As observed by Justice Arjit Pasayat:”While a murderer destroys the physical frame of the victim, a rapist degrades and defiles the soul of a helpless female.”Sexual harassment is nothing less than the showcasing of male dominance. Given an opportunity, such men (those committing sexual harassement) would try fulfilling their desire.

Rape

Rape means an unlawful intercourse done by a man with a woman without her valid consent. (Section 375 of the Indian Penal Code)A man is said to commit “rape” if he has sexual intercourse with a woman under circumstances falling under any of the six following descriptions :-

Against her will.

Without her consent.

With her consent, when her consent has been obtained by putting her or any person in whom she is interested in fear of death or of hurt.

With her consent, when the man knows that he is not her husband, and that her consent is given because she believes that he is another man to whom she is or believes herself to be lawfully married.

With her consent, when, at the time of giving such consent, by reason of unsoundness of mind or intoxication or the administration by him personally or through another of any stupefying or unwholesome substance, she is unable to understand the nature and consequences of that to which she gives consent.

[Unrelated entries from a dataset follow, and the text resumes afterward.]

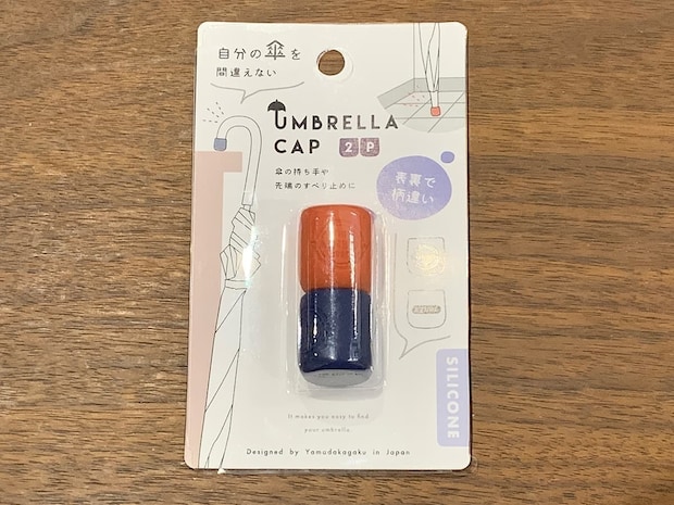 傘に取り付けるキャップが2個入った「アンブレラキャップ」です。自分の傘の取り間違えを防止したり、傘を固定する際に利用します。
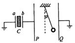 12.如图所示,C为中间插有电介质的电容器,a和b为其两极板;a板接地;P和Q为两竖直放置的平行金属板,在两板间用绝缘线悬挂一带电小球;P板与b板用导线相连,Q板接地。开始时悬线静止在竖直方向,在b板带电后,悬线偏转了角度a。在以下方法中,能使悬线的偏角a变大的是:( )
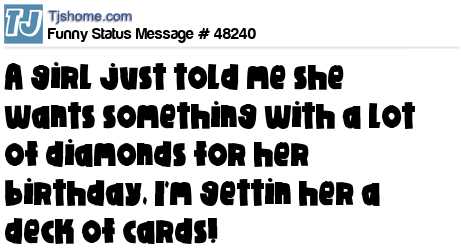 X is A girl just told me she wants something with a lot of diamonds for her birthday, I'm gettin her a deck of cards!
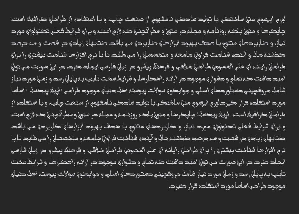 البته این ظاهر خاص، ممکن است برای هر نوع متنی مناسب نباشد. به دلیل بهم ریختگی حروف، خوانایی متن در اندازه های کوچک ممکن است کمی دشوار باشد. بنابراین، توصیه می شود از این فونت بیشتر در عناوین، تیترها و نوشته های کوتاه استفاده کنید تا هم زیبایی آن به چشم بیاید و هم خوانایی متن حفظ شود. در واقع، بهترین کاربرد این فونت در جاهایی است که می خواهید تاکید ویژه ای روی متن داشته باشید و نگاه مخاطب را به خود جلب کنید.

With or without her consent, when she is under sixteen years of age.

Explanation : Penetration is sufficient to constitute the sexual intercourse necessary to the offence of rape.Exception : Sexual intercourse by a man with his own wife, the wife not being under fifteen years of age, is not rape.

Impediments to Justice:Rape is defined in India as intentional, unlawful sexual intercourse with a woman without her consent. The essential elements of this definition under Section 375 of the Indian Penal Code are ‘sexual intercourse with a woman’ and the absence of consent. This definition therefore does not include acts of forced oral sex, or sodomy, or penetration by foreign objects; instead those actions are criminalized under Section 354 of the IPC, which deals with ‘criminal assault on a woman with intent to outrage her modesty’ and Section 377 IPC, covering ‘carnal intercourse against the order of nature’.

The definition leaves a few questions unanswered. For instance, what about sexual intercourse by a man with his wife, and without her consent, where the wife is over 16 years of age? Judicial interpretation has also meant that sexual intercourse in a custodial situation (police station, public hospital, remand homes, and jails) is deemed an offence, without going into the question of consent. Also, anal or oral penetration and penetration with objects do not fall within the ambit of section 375.

It also does not recognize other forms of sexual assaults, like protracted sexual assault by relatives, marital rape etc. as aggravated forms of rape. This causes grave injustice to many victims. In many cases of child rape, the child has been penetrated through fingers or by objects or been force to perform oral or anal sex; yet this is not considered rape by the Courts.

Also, if the victim is a minor, the onus is on the accused to prove his innocence. But if the victim is a major, it is up to her to prove her charge. Therefore, the defence finds it worthwhile to prove that the victim is a major. Another problem is that unless the woman is examined medically within 24 hours, it becomes difficult forensically to prove that rape has occurred. Very often, unable to prove penetration, judges find themselves trying “rape” cases under more watered down sections: ‘outraging the modesty of a woman’, for instance, carrying much lighter punishment.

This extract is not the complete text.